**TASK BRIEF:** Among the entries below, which lines run from the line with "Poster Calendula gialla" through the line with "Prisrčen otroški čajni"? Retype those, both ends included, exactly and without pictures.

══ PROVIDED INFORMATION

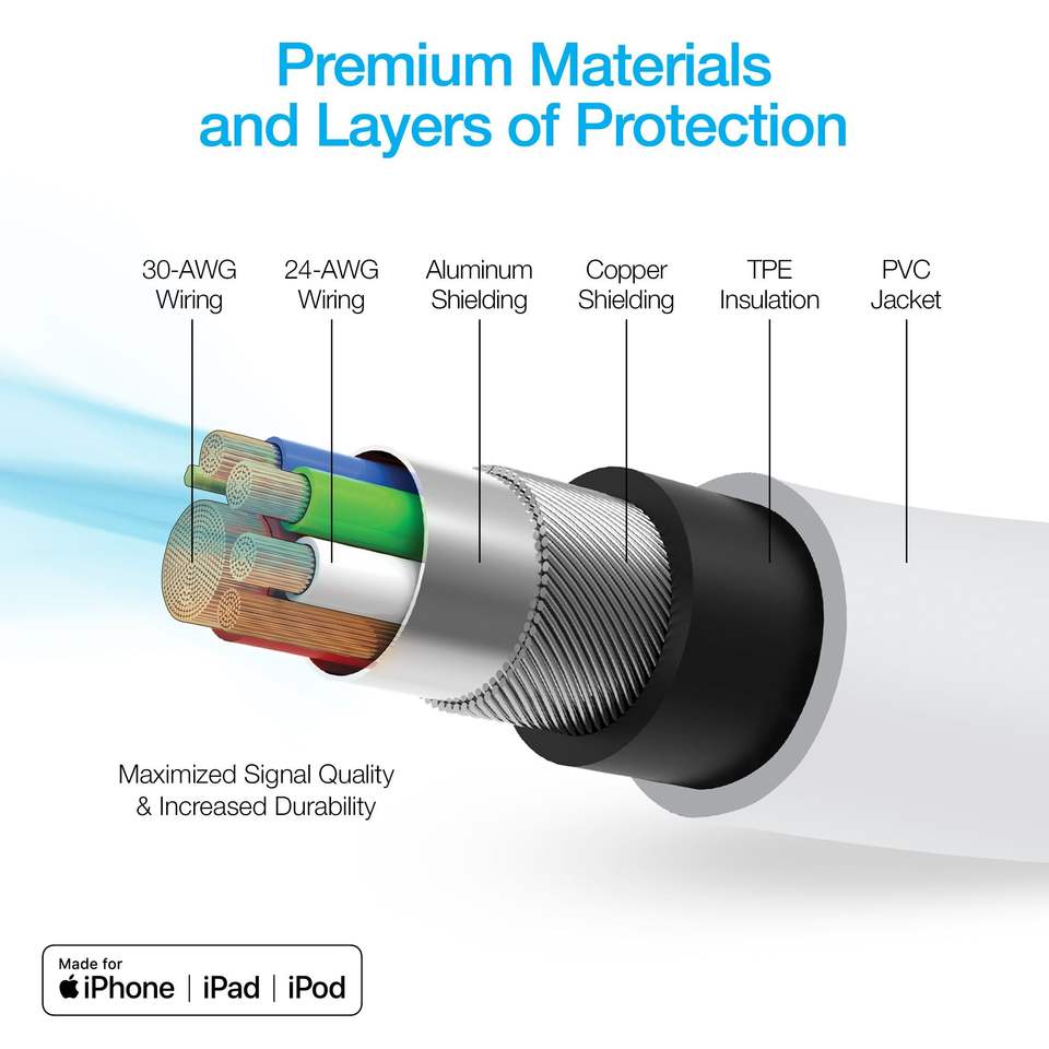 สายชาร์จเร็ว 12 ฟุต USB-C เป็น MFi Lightning สายเคเบิลและสายไฟคุณภาพพรีเมียม
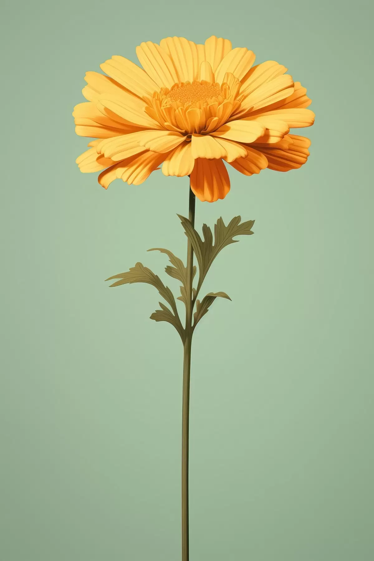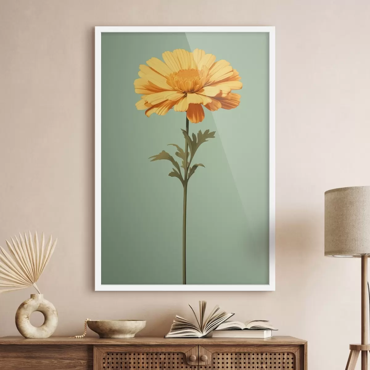 Poster Calendula gialla su sfondo color menta in stile minimalista Nr f46926
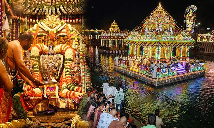 திருமலை தெப்போற்சவம்: ஸ்ரீவாரி புஷ்கரணியில் 5 முறை வலம் வந்து அருள்பாலித்த மலையப்ப சாமி
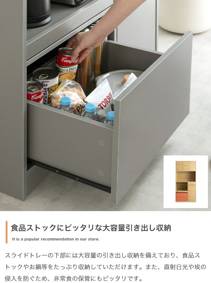 【耐荷重】オープン収納:約10kg、スライドトレー:約5kg、上段左扉収納・可動棚:約3kg、上段左扉収納・底板:約5kg、上段右扉収納・可動棚:約3kg、上段右扉収納・底板:約10kg、下段扉収納・棚板:約3kg、下段扉収納・底板:約10kg、引き出し収納(小):約3kg、引き出し収納(大):約5kg
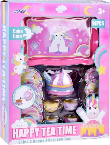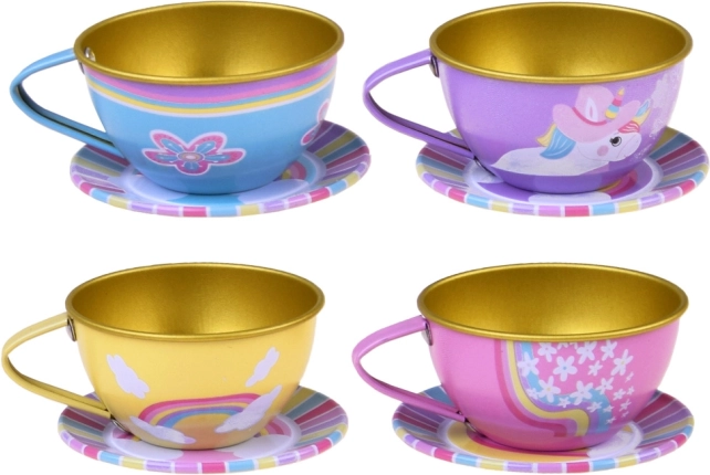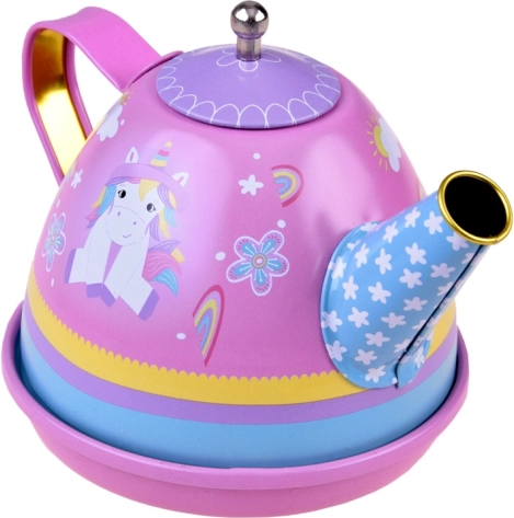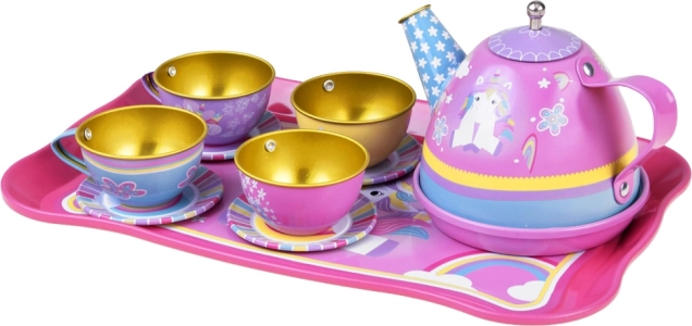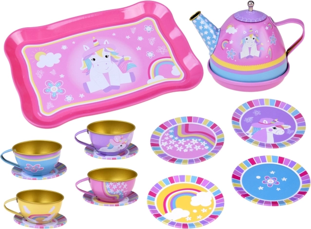 Prisrčen otroški čajni set z motivom samoroga bo razveselil vsako malo gostiteljico. Vsebuje kovinski čajnik s pokrovom, pladenj, 4 skodelice, 4 krožničke in 4 krožnike. Zahvaljujoč trdni kovinski izdelavi je odporen in varen za igro. Idealen za igro kavarnice, popoldanski čaj s prijatelji ter razvoj domišljije in socialnih veščin.
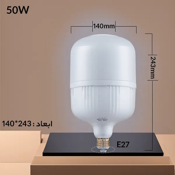 لامپ ال ای دی استوانه ای 50 وات پی جی تی PGT با سرپیچ استاندارد E27 با طیف وسیعی از سرپیچهای مرسوم در بازار برق ایران سازگار است.
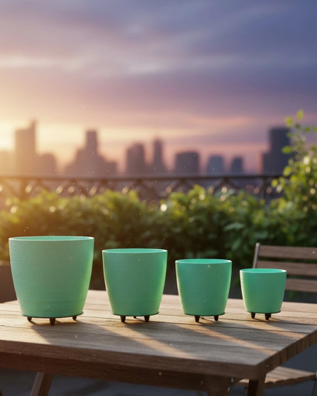 4’lü 3D Ayaklı Yeşil Saksı Seti Dekoratif Modern Tasarım
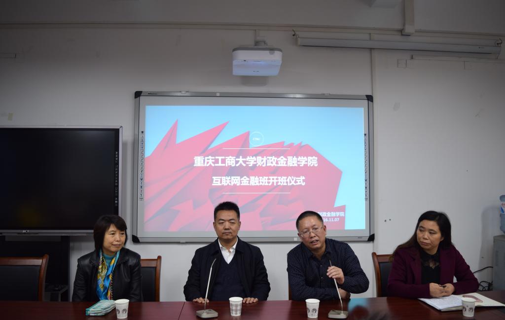 2016年11月7日下午15:30,澳门十大信誉网赌大全财政澳门信誉最好十大平台首届互联网金融班开班仪式在南岸校区田家炳313会议室举行。重庆市金融发展中心主任张洪铭、财政澳门信誉最好十大平台党总支书记杨萍、常务副院长莫云、金融系主任许世琴、分团委书记徐阔出席此次开班仪式。
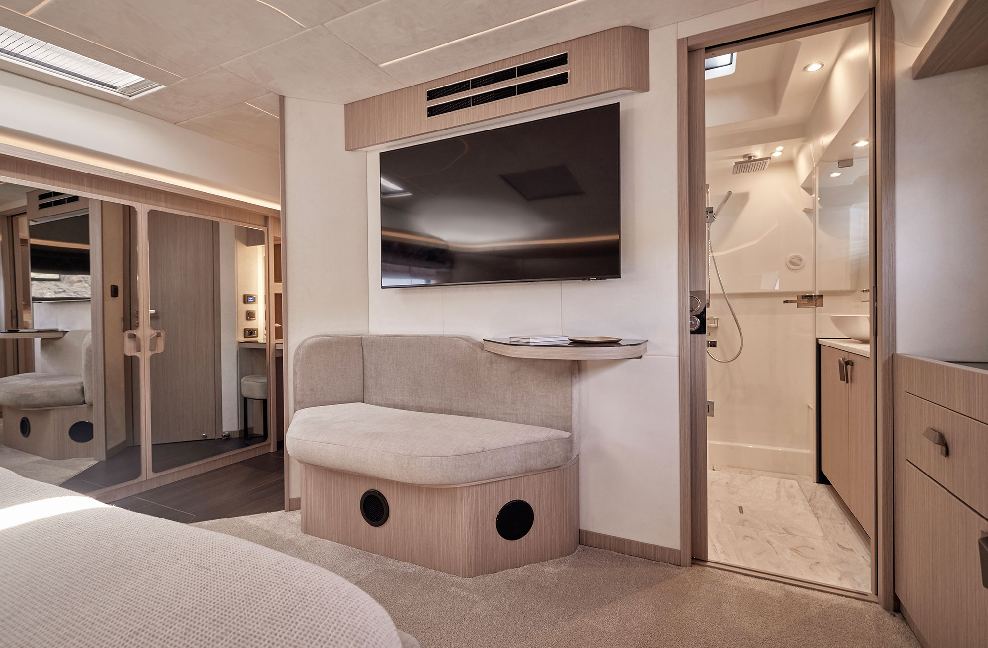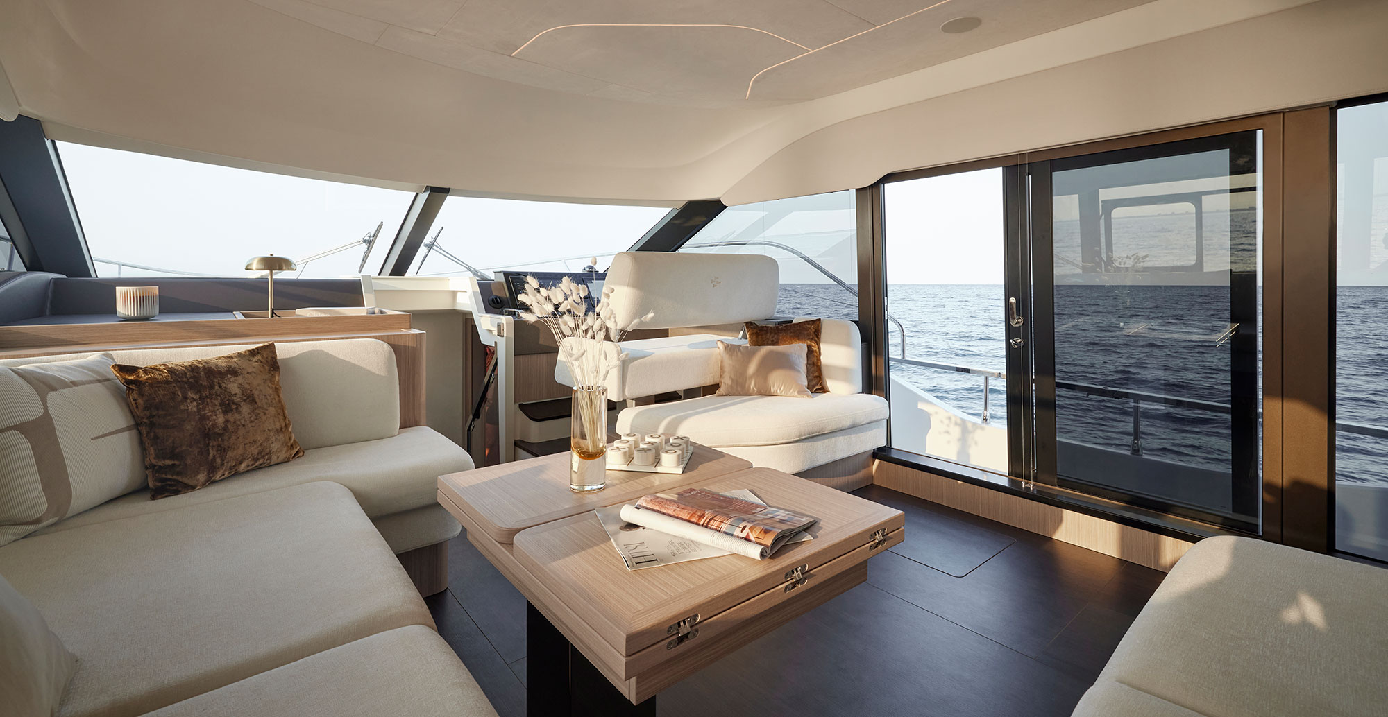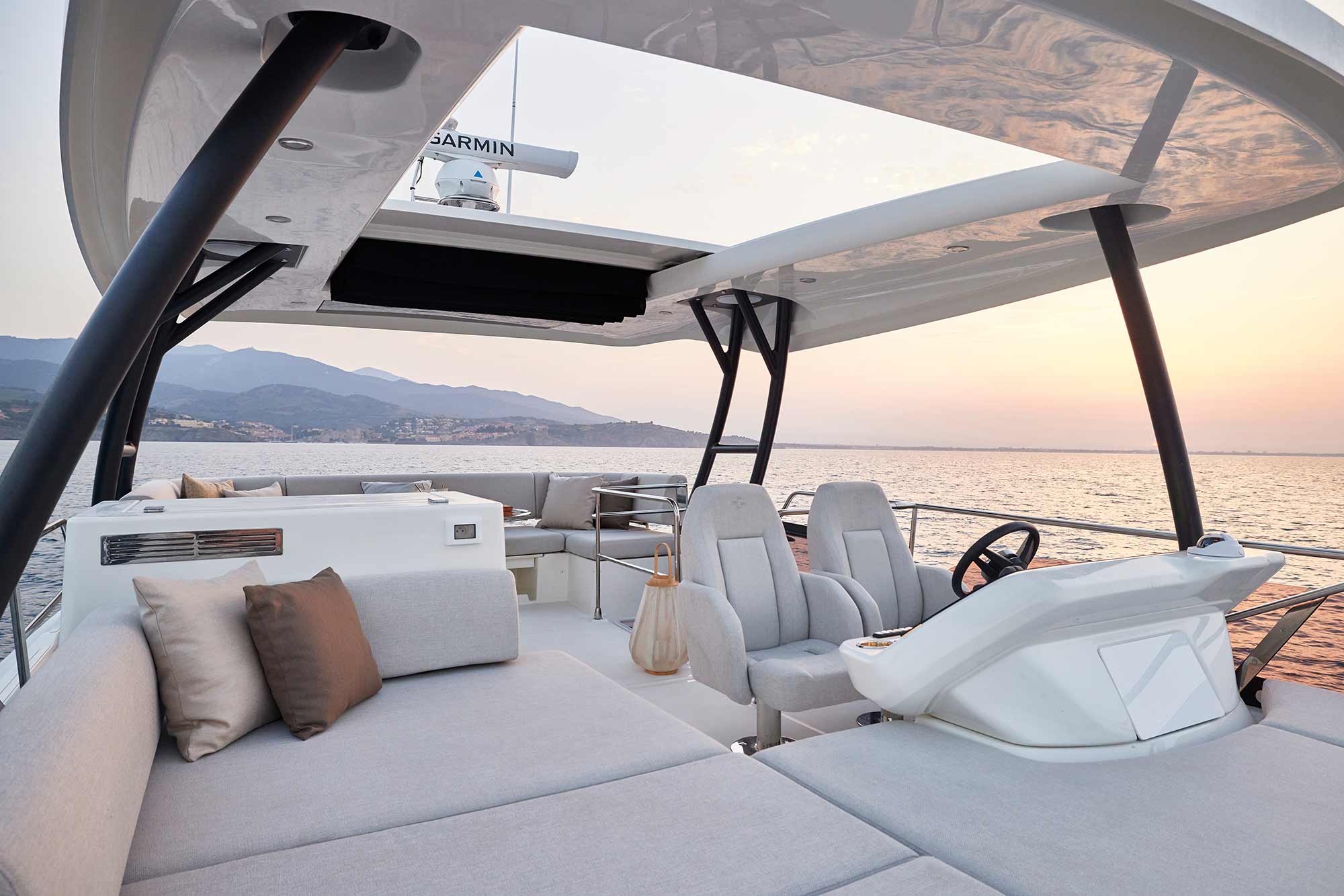 Notably: more volume, additional storage in the cockpit, a very functional galley, immense sofas, cabins equipped with en suite bathrooms… each living space aboard the F5.7 offers more light, greater ease of movement and well-being.

════

**RESULT FOR THIS TASK:**
 Poster Calendula gialla su sfondo color menta in stile minimalista Nr f46926
 திருமலை தெப்போற்சவம்: ஸ்ரீவாரி புஷ்கரணியில் 5 முறை வலம் வந்து அருள்பாலித்த மலையப்ப சாமி
 【耐荷重】オープン収納:約10kg、スライドトレー:約5kg、上段左扉収納・可動棚:約3kg、上段左扉収納・底板:約5kg、上段右扉収納・可動棚:約3kg、上段右扉収納・底板:約10kg、下段扉収納・棚板:約3kg、下段扉収納・底板:約10kg、引き出し収納(小):約3kg、引き出し収納(大):約5kg
 Prisrčen otroški čajni set z motivom samoroga bo razveselil vsako malo gostiteljico. Vsebuje kovinski čajnik s pokrovom, pladenj, 4 skodelice, 4 krožničke in 4 krožnike. Zahvaljujoč trdni kovinski izdelavi je odporen in varen za igro. Idealen za igro kavarnice, popoldanski čaj s prijatelji ter razvoj domišljije in socialnih veščin.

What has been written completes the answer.